> Dataset content
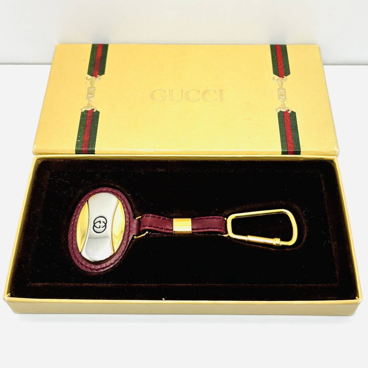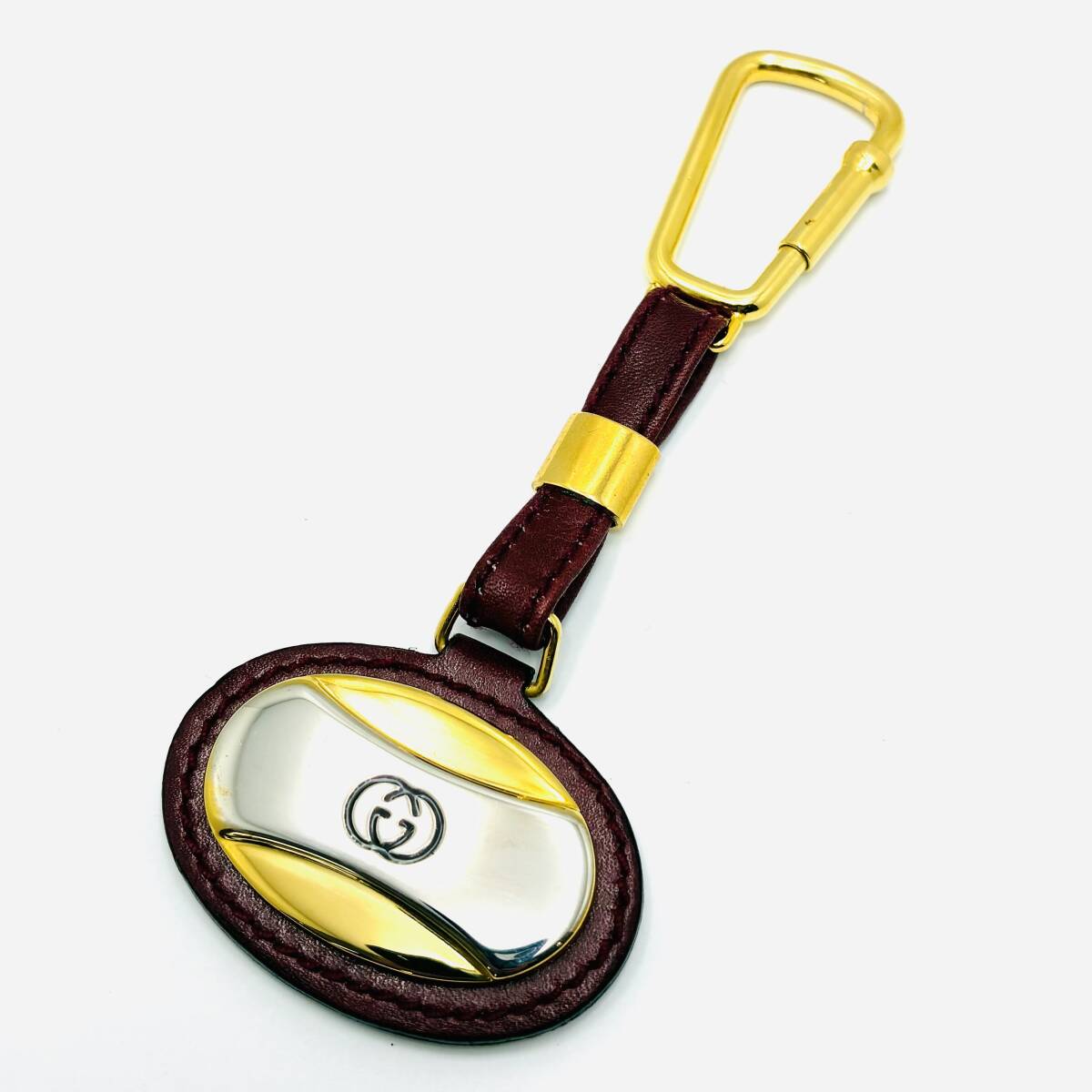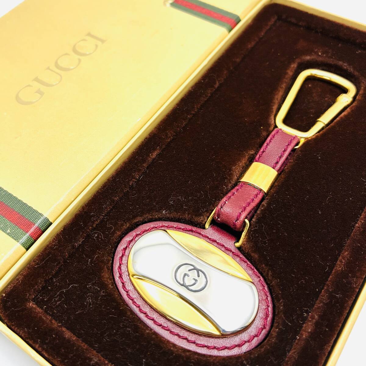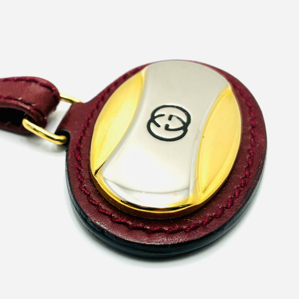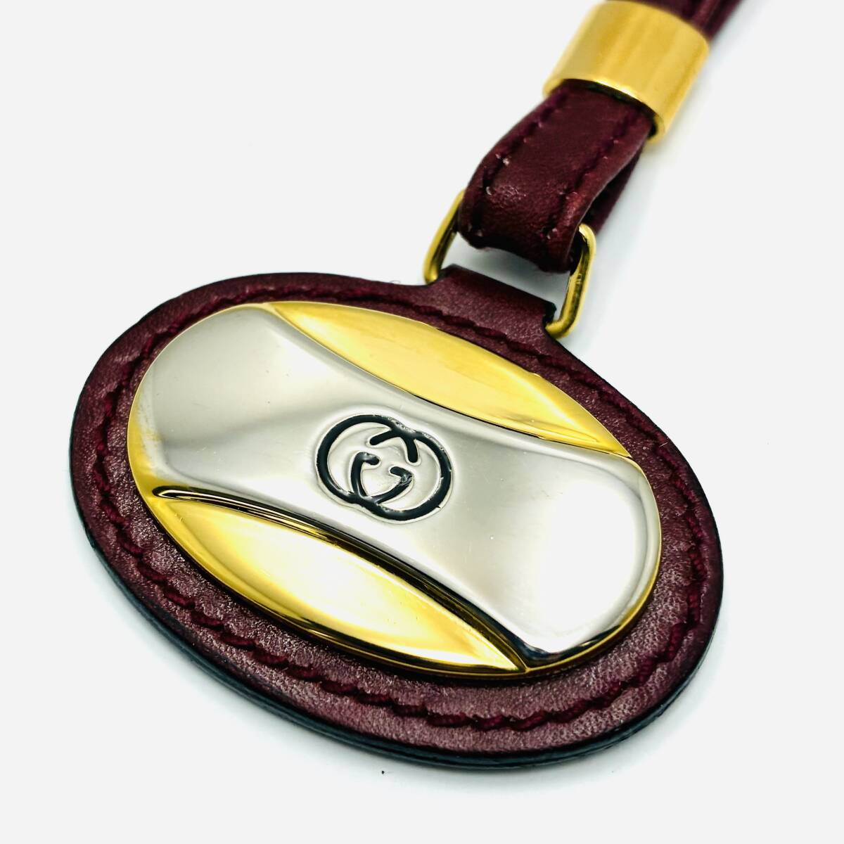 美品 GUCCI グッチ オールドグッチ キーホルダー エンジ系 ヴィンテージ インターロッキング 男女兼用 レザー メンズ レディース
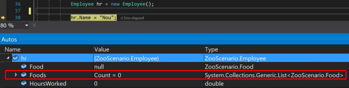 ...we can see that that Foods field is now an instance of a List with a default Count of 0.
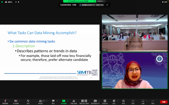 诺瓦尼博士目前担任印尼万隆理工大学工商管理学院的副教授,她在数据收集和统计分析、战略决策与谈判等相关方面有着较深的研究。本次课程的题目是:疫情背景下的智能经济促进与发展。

> What the exercise asks
Reproduce the material in full, word for word, and omit the pictures.

> Solution below
 美品 GUCCI グッチ オールドグッチ キーホルダー エンジ系 ヴィンテージ インターロッキング 男女兼用 レザー メンズ レディース
 ...we can see that that Foods field is now an instance of a List with a default Count of 0.
 诺瓦尼博士目前担任印尼万隆理工大学工商管理学院的副教授,她在数据收集和统计分析、战略决策与谈判等相关方面有着较深的研究。本次课程的题目是:疫情背景下的智能经济促进与发展。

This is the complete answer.